On the other hand, when the lamp LAMP is used over the prescribed value and the overcurrent flows, the current detected by the current transformer CT is rectified by the diode D1 and the capacitor C2 and supplied to the non-inverting terminal (+) of the comparator COMP1. When the over-current is supplied with a voltage higher than the reference voltage by the resistors R13 and R14, the output of the comparator COMP4 becomes a high level to set the flip-flop 6. Then, the output terminal Q becomes low level, which brings the connection point of the resistors R7 and R8 to the low level through the diode D2, thereby turning off the transistor TR1, thereby preventing the driving of the bulb LAMP. .

Therefore, when using a lamp of more than the rating (LAMP) it is possible to save the power consumption by turning off the lamp (LAMP) to be protected from overcurrent.
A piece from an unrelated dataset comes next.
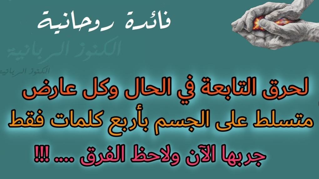 السلام عليكم و رحمة الله فائدة اليوم لحرق التابعة و كل عارض متسلط على الجسم فقط بأربع كلمات .. خد على بركة الله حجر من الشب الأبيض و اكتب عليه بأي قلم كان حتى لو كان قلم حبر اسود الكلمات الأربعة التالية و هي .. تبارا – ضلالا – احترقت – افئدة .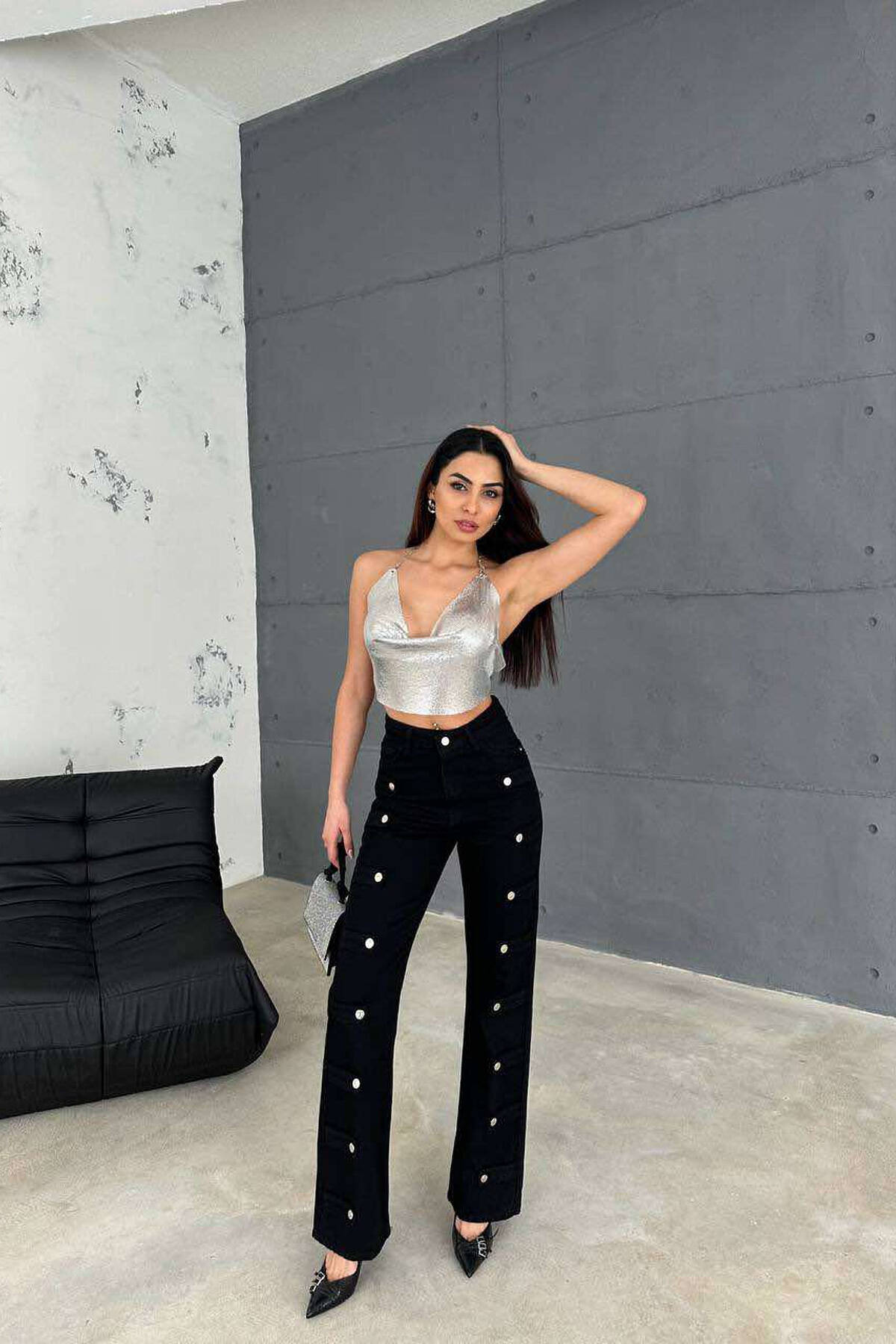 BUTTONS DETAILS ONE COLOR WOMEN JEANS BLACK/ E ZEZE

As described above, the present invention facilitates the use of a light bulb by turning it on or off a little early in the evening and early morning, and saves the power as much as turning off the light early in the morning. In addition to protecting the power consumption is effective.

Claims (4)

The photosensitive section 1 composed of the resistor R1 and the photoconductive element Cds1, the reference voltages of the variable resistors VR1, VR2 and R2-R5 and the photosensitive section 4 The output voltage of the pulse generator 2 outputs a pulse signal at the time of darkening and the time of lightening at the interconnected output terminals of the comparator COMP1 and COMP2, and the output signal of the pulse generator 2 A flip-flop 3 that is triggered and outputs a toggle signal accordingly, and a transistor TR1 and a resistor R7 that light the bulb LAMP through the triac TAC according to the output signal of the flip-flop 3. An overcurrent detector 5 composed of an R10, a diode D1, a capacitor C2, and a comparator COMP4, and an overcurrent detector 5 configured to detect an overcurrent of the overcurrent detector 5; A flip-flop (6) for turning off the operation, and a comparator (COMP3) and resistors (R16-R18) to reset the flip-flop (3) (6) in a bright state. Key is automatically lighting circuit, characterized in that consisting of the reset signal generator (7). The pulse generator 2 sets the reference voltage by the variable resistor VR1 higher than the reference voltage by the variable resistor VR2 to darken the signal of the pulse width according to the difference between the two reference voltages. Automatic lighting circuit, characterized in that for outputting when and when the light. 2. The flip-flop (3) according to claim 1, wherein the flip-flop (3) is triggered at the pulse initial time of the output pulses of the pulse generator (2) so as to light up early when the lamp (LAMP) is dim and bright through the triac driver (4). Automatic lighting circuit characterized in that it is to be turned off. 2. The flip-flop according to claim 1, wherein the reference voltage by the resistors R16 and R17 of the reset signal generator 7 is set lower than the reference voltage by the variable resistor VR2 of the comparator COMP2. (3) An automatic lighting circuit, characterized in that the lamp (LAMP) is turned off by setting (6).